Posted: February 16, 2012 in Articles
This time, we’ll talk about training ourselves to hold onto something that won’t move and doesn’t deform when we squeeze it.

Static Grip Strength:

In the days of yore, several years ago, we upright walking apes were often asked to do manual labor of various sorts. In some cases, we may be fortunate enough to still do such things. Now, one of the all-but-forgotten things in today’s world was the the situation where we’d hoist up a heavy object and move it somewhere else. On foot. Sometimes we could sling the object over our shoulders, but sometimes, it would simply hang there in our hands as we went. The heavy wheel barrow…the pail of water…you get the idea.

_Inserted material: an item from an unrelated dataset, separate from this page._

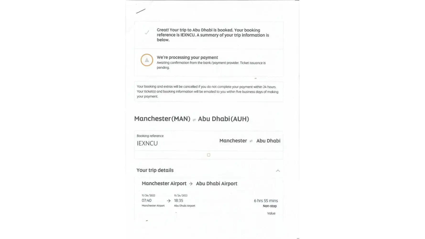 Next I tried direct bank transfer to Global Collect BV (payment reference [protected]) which Etihad accepted and I received confirmation of the booking with a 'Booking reference number IEXNCU (I have attached a copy). The money left my account at 16.30 on the same day (see screensaver of my account page). Since then I have not received any correspondence, emails etc. When I attempt to manage by booking on the Etihad website by using IEXNCU, I get a message that reads 'Something went wrong' (see screen saver). I have checked with my bank manager and the money has not returned to my account so it is somewhere in Etihad.

For us, it tends to be that laptop case or book bag. Perhaps, if we’re lucky, it’s something we just purchased at the mall, and we’ve become lost in the parking lot. In any case, your static grip is very much the desirable quality to have when hoisting and carrying heavy things with traditional handles.

Of course, any time we pick up heavy things and carry them or support them above the ground, that tends to recruit a variety of skeletal muscles throughout the body. That said, we’ll just consider the hands for the moment.

Because static grip is such a straightforward concept, simple and easily understood exercises can be used to train it. The simplest of all static grip training exercises is the dead hang. How do you do it? Jump up and grab something you can get a grip on (like a pull up bar or any other overhead emplacement that will allow for an easy and solid grip), and and hang on as long as you can. If you have access to the monkey bars, like kids use, those are even better, as you can add a dynamic element to the training.

Almost anything in the weight room can be used to help this grip, and it will be trained simply by virtue of doing many of the classic strength and power exercises, like deadlift, clean and jerk, barbell rows, heavy shrugs, and so on. If you do heavy deadlifts, this in itself will train your static grip in a powerful way.

Another fine method for training grip strength is the Farmer’s Walk. The most basic way of doing this is to find the heaviest dumbbells in your gym and to walk as far as you can without putting them down. Expect this to be painful and difficult. Also, it’s an amazing workout for pretty much everything south of your chin. Dufflebags filled with sand or rocks can perform just as well or better than dumbbells. Anything with a handle will do. Don’t forget that you can carry one hand at a time. That’ll actually create a really powerful workout for your core muscles, as you have to equalize an imbalanced load with each step.

Rope climbing is another possible method of stimulating your static grip strength, if you wish to do that instead.